# 2011 Hyundai 740-9 loader



## NFDDJS (Sep 22, 2009)

I am looking at buying a 2011 Hyundai 740-9 loader and putting a Pro Tech 14 or 16ft pusher on it but I have three questions...

1. Anybody own or put many hours on the Hyundai 740 loader? How did you like it and did it have any problems?

2. What size pusher did you run on it? 

3. I am thinking about having it come with the MICHELIN X SNOW PLUS radials. Have any of you run these tires? I hear they wear great, great in snow and ice and still good for the rest of the year.


Thanks for your time


----------



## RLM (Jan 12, 2006)

I have a 2007 740-7, only problem I have had with it was a broken battery wire & if you don't turn off batteries or use in 2 or more months the computer tends to drain the batteries
Other than that the only issue I see is corrosion (rust), I don't think they do quite as good of a job in prepping/painting things, but the cost savings buys a lot of paint
I bought it new, it now has about 500 hrs, it is not quite as comfortable as the kawaski I have, but they have made improvements in the new ones (2011).
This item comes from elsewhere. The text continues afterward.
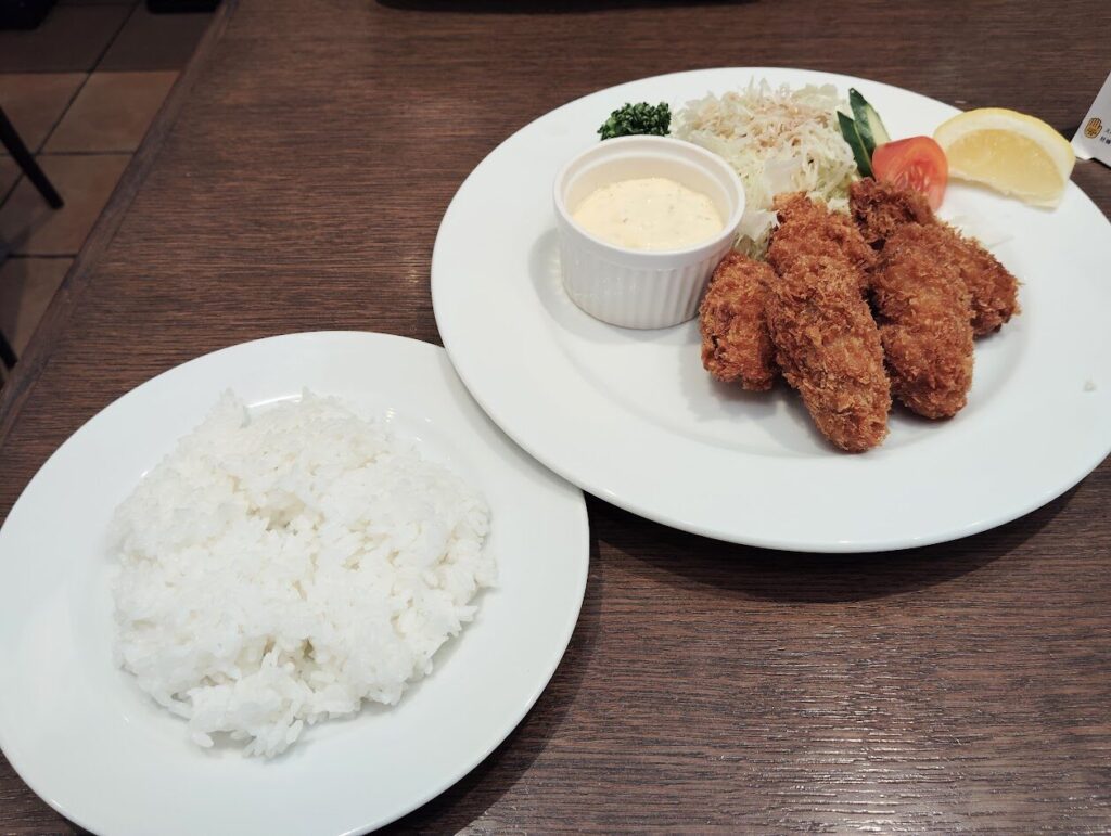 カキフライのランチをいただきました。(5個は多かったので2個はテイクアウトしました)

I have run a 14' Protec backhoe model, & an Artic 14' hd both with no issue. Mine has stock tires, so as to the snows, it couldn't hurt they have plenty of power, usually end up breaking traction before running out of power, so anything you can do to get that power to the ground your better off. As for pricing I was quoted about 105 k for a base unit, the final prices are just slightly higher, one has ride control, I believe the units I'm looking at were rented by the dealer last winter so they have about 500 hrs on them still have full 3 year warranty from date I purchase them though. New units had back up camera, heated seat& mirror, scale on bucket, couple different modes for traction & fuel economy, basically nicer than the truck I'm driving.


----------